City sweep

Police clear streets of illegal vending and displays

A police operation to clear the City streets of illegal vending and to remove displays from the sidewalks has left some traders crying foul and looking to the heavens for support.

Vendors engaging in a heated discussion with police.
Vendors engaging in a heated discussion with police.
Police patrolling Swan Street yesterday.
Police patrolling Swan Street yesterday.

Vendors operating in Swan Street and High Street were taken by surprise this afternoon when over a dozen police officers of various ranks appeared and demanded to see

their permits. Those who were unable produce up-to-date

documents were made to pack up and leave, while others quickly pulled out theirs from their pockets, bags, from underneath trays or wherever they hid them for safekeeping.

It was a particularly difficult afternoon for one young cassava vendor who left, then returned with a permit bearing a name which he claimed was his. However, the police rejected it because he was unable to provide his national identification card.

“How do I know this permit is yours? That could belong to anyone,” an officer informed the cassava vendor who operated from High Street.

While the uniformed officers patrolled the streets to ensure they remained clear, some storeowners complained that they were not allowed to display their clothing on mannequins that had the slightest contact with the sidewalks.

No tables placed in front stores showcasing merchandise were allowed if the owners did not have authorization to do so. The chairs, buckets and dishes also had to be taken inside.

The vendors said they believed the police operation was timed to coincide with the start of the Christmas shopping season.

Jack Farrell, owner of Jack’s Place located in Swan Street, said throughout the year he had displayed his goods outside to encourage people to enter his store.

“All year round this mannequin was outside here and it is not obstructing anybody. So

I don’t see why now the Government had to send out all these police to move the mannequin. How do they want these business people to pay taxes?” he asked.

Farrell argued that the Christmas season was the best time for stores in the City to make a profit, and contended that the economy could not generate growth if Government placed “blockages” in the way.

“I think that something got to be done. We business people were out here from since January, February and March, the hard times when we were not making any money. As soon as Christmas come the police out here harassing people and that ain’t right,” Farrell said.
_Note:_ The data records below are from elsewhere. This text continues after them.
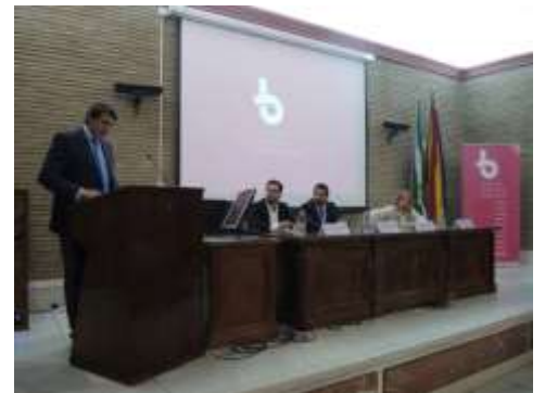
Acto de Inauguración
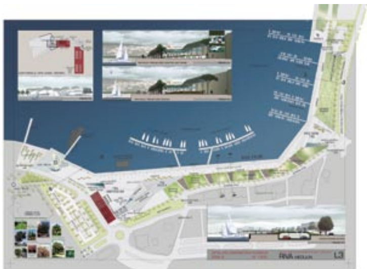
Idejno rješenje medulinske rive

Nakon skoro dva desetljeća postojanja općine Medulin, počela je realizacija jedne od najvećih želja svih mještana mjesta Medulin – pokrenuo se projekt medulinske rive. Za početak, napravljeno je idejno rješenje koje je osnova za daljnji razvitak ovog projekta, ali što je najvažnije od svega, predstavlja osnovu po kojoj mještani Medulina mogu raspravljati kakvu bi rivu ustvari željeli.
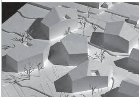
Fünfeckige Baukörper haben Architektick und Scherrer Valentin für die Gewo Züri Ost entworfen.

Das Projekt umfasst fünf fünfeckige Baukörper mit je verschiedenen Grundrissen.
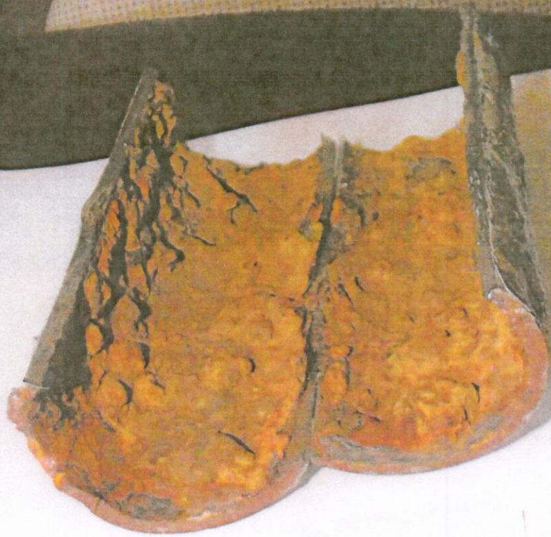
Zana 13 Pion wody zimnej (rura stal. oc. DN 40)

Unreasonable, unjust, unfair and wickedness was Leroy Brathwaite’s reaction to being forced to remove his table of shoes from the sidewalk and back up a flight of stairs.

The owner of Upper Room accused the police of not allowing “small black business people” to establish themselves among the “hierarchies in Swan Street”.

“For the whole year we had our mannequins outside. This is Christmas time when it is most likely we are going to make some money. Then now, all of a sudden, I with a one-entrance store upstairs, ain’t got no show window to display nothing, I just bring two mannequins to display my things and look what going on here,” Brathwaite protested.

Brathwaite suggested that those in authority ought to go back to the drawing board, and use common sense and discretion in their decision-making in relation to the way they treat storeowners.

“We have too much of the wrong people in the right places in this country. We need to get the right people who understand small business. We got to find a way so we can make money. Nobody ain’t going in no store. I got to bring my things to display,” Brathwaite said.

One operator, who asked to be called Alicia, pleaded with the authorities to have mercy on storeowners, some of whom she said had been unable to afford rent for several months.

She said some storeowners made very little money last month and were forced to lay off workers.

“The NIS [National Insurance Scheme] want to know why we coming for green papers. They say why? I say we have to send home and cut down because right now . . . the stores are not making the funds that they used to before,” Alicia said.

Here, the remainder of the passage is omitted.